Your goal
The needed output is the run of lines below from the one containing "Update your track" through the one containing "Дневник школьный арт.", copied exactly and free of pictures.

[Input data Boundary: Start]

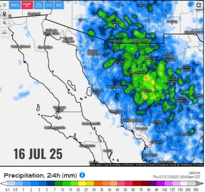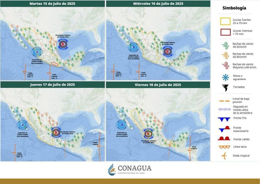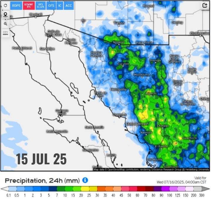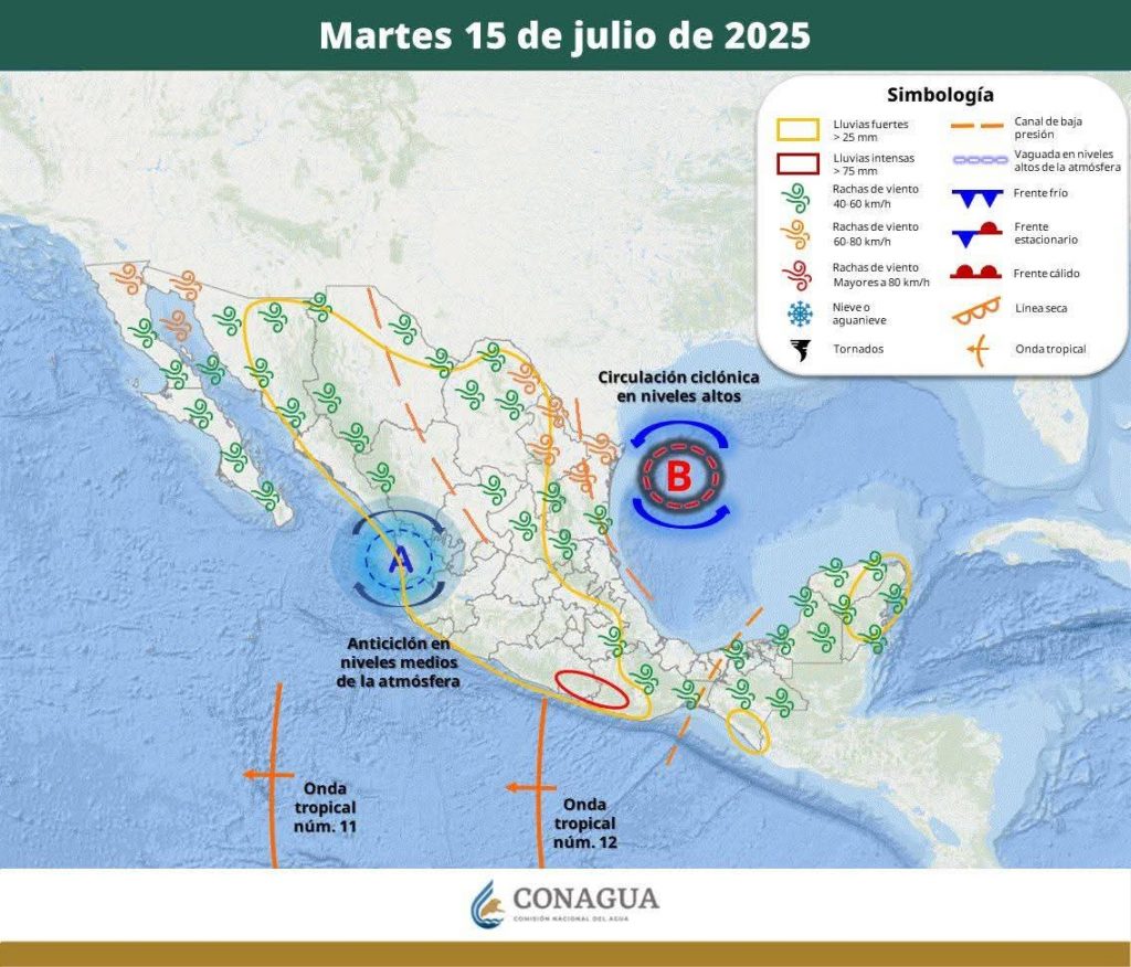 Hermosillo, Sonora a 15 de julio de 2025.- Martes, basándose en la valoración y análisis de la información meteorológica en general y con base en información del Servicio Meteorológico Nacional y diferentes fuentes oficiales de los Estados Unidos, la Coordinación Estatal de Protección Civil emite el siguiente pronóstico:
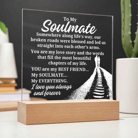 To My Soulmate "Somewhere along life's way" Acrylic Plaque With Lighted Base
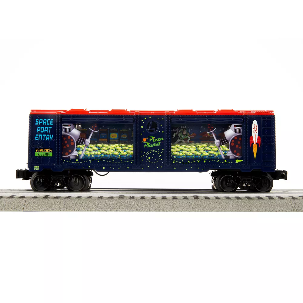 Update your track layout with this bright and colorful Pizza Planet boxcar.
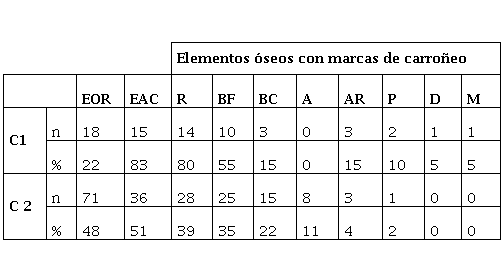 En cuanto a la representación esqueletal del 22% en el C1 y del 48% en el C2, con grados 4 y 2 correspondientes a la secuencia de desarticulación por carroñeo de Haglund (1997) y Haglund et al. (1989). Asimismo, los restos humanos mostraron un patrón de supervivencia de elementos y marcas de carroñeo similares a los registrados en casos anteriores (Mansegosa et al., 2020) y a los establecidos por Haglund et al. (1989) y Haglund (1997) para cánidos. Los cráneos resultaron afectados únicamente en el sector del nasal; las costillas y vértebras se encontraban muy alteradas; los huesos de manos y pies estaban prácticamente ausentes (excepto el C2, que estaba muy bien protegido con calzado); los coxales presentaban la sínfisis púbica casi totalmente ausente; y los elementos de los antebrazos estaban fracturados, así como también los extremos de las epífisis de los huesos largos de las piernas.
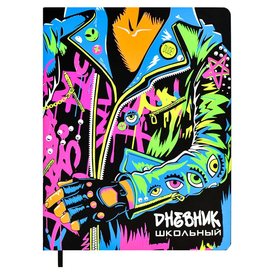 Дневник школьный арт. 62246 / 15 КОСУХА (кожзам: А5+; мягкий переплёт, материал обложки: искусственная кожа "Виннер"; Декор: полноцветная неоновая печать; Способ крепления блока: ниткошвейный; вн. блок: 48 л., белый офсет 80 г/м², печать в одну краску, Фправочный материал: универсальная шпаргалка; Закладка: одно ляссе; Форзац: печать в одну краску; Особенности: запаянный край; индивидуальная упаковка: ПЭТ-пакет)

[Input data Boundary: End]
[Input data Boundary: Start]

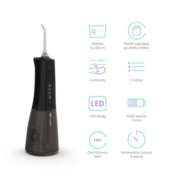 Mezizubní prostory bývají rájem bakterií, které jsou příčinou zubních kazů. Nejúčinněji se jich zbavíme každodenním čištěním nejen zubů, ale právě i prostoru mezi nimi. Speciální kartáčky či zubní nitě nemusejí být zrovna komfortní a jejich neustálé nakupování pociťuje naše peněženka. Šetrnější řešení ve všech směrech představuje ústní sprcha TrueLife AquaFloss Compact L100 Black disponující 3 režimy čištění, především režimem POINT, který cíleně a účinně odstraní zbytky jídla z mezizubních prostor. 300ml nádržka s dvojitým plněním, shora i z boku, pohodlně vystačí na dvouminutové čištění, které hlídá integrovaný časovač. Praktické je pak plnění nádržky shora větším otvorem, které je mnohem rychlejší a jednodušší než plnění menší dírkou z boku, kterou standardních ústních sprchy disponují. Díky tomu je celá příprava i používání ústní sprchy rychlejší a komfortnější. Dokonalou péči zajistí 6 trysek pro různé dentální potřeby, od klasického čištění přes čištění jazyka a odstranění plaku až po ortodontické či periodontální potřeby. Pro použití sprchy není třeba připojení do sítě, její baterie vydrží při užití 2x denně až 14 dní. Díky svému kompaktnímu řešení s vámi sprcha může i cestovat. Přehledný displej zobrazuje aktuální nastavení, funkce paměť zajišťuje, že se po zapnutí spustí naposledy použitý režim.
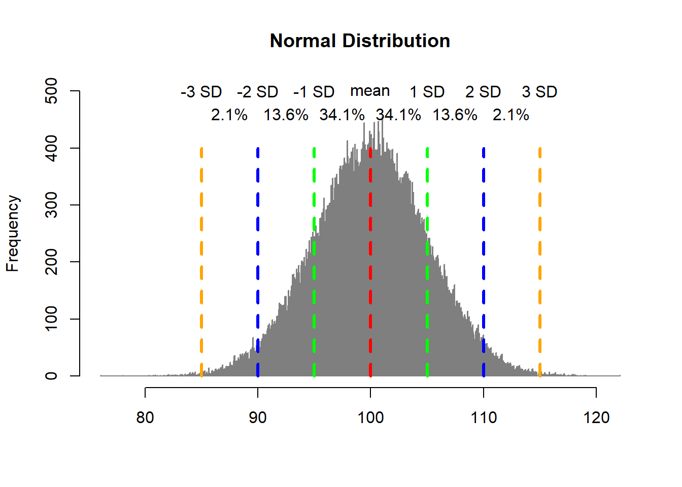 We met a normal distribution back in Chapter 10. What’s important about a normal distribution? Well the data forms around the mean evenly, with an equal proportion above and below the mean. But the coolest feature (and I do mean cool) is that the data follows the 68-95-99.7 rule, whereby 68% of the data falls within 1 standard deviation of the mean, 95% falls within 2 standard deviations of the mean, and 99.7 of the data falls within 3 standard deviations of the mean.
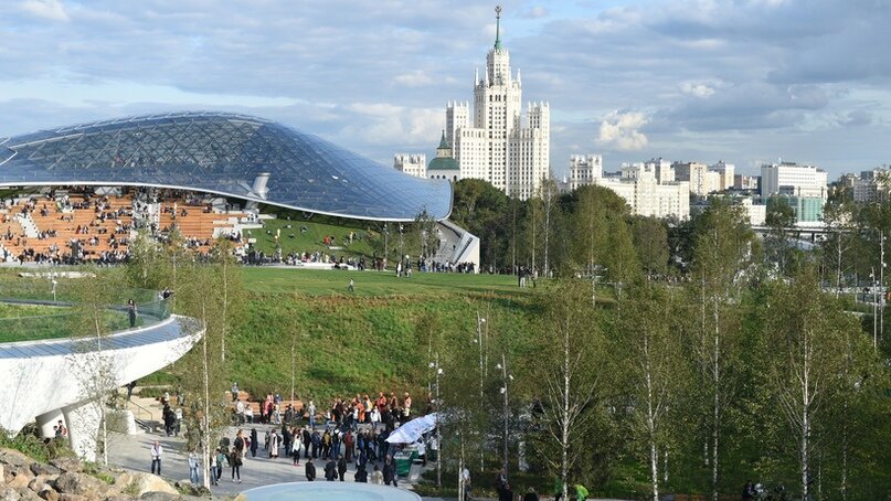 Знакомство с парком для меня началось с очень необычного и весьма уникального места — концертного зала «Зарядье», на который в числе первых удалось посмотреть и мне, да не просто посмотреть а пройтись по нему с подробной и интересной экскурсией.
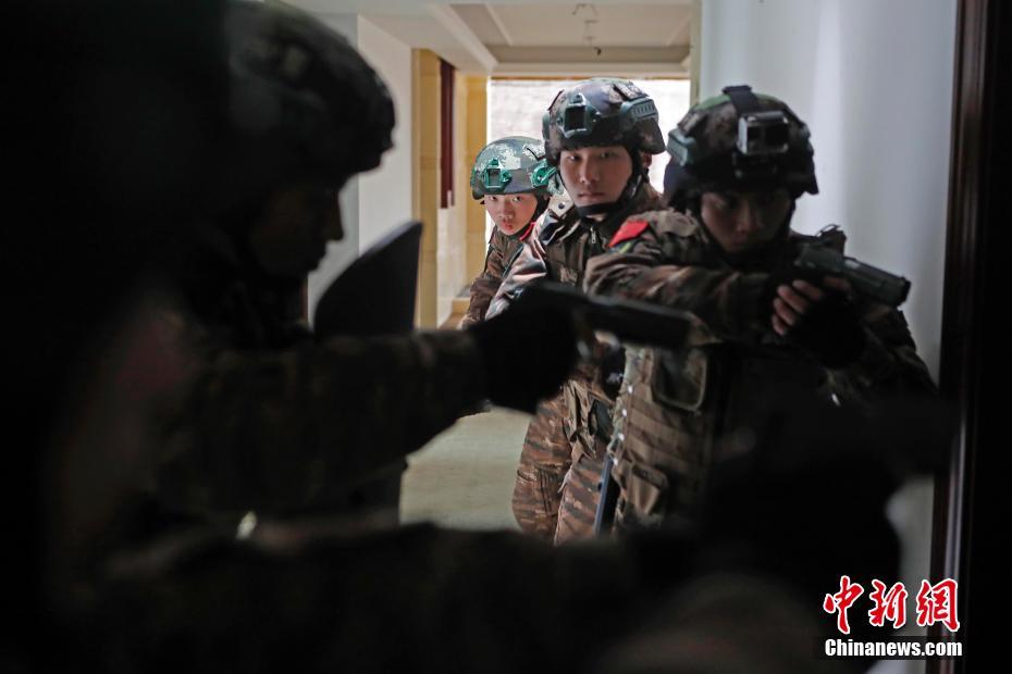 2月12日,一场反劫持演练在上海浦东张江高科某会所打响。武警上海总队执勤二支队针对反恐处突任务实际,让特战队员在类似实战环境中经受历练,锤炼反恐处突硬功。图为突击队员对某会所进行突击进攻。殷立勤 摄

[Input data Boundary: End]

Exercise solution
 Update your track layout with this bright and colorful Pizza Planet boxcar.
 En cuanto a la representación esqueletal del 22% en el C1 y del 48% en el C2, con grados 4 y 2 correspondientes a la secuencia de desarticulación por carroñeo de Haglund (1997) y Haglund et al. (1989). Asimismo, los restos humanos mostraron un patrón de supervivencia de elementos y marcas de carroñeo similares a los registrados en casos anteriores (Mansegosa et al., 2020) y a los establecidos por Haglund et al. (1989) y Haglund (1997) para cánidos. Los cráneos resultaron afectados únicamente en el sector del nasal; las costillas y vértebras se encontraban muy alteradas; los huesos de manos y pies estaban prácticamente ausentes (excepto el C2, que estaba muy bien protegido con calzado); los coxales presentaban la sínfisis púbica casi totalmente ausente; y los elementos de los antebrazos estaban fracturados, así como también los extremos de las epífisis de los huesos largos de las piernas.
 Дневник школьный арт. 62246 / 15 КОСУХА (кожзам: А5+; мягкий переплёт, материал обложки: искусственная кожа "Виннер"; Декор: полноцветная неоновая печать; Способ крепления блока: ниткошвейный; вн. блок: 48 л., белый офсет 80 г/м², печать в одну краску, Фправочный материал: универсальная шпаргалка; Закладка: одно ляссе; Форзац: печать в одну краску; Особенности: запаянный край; индивидуальная упаковка: ПЭТ-пакет)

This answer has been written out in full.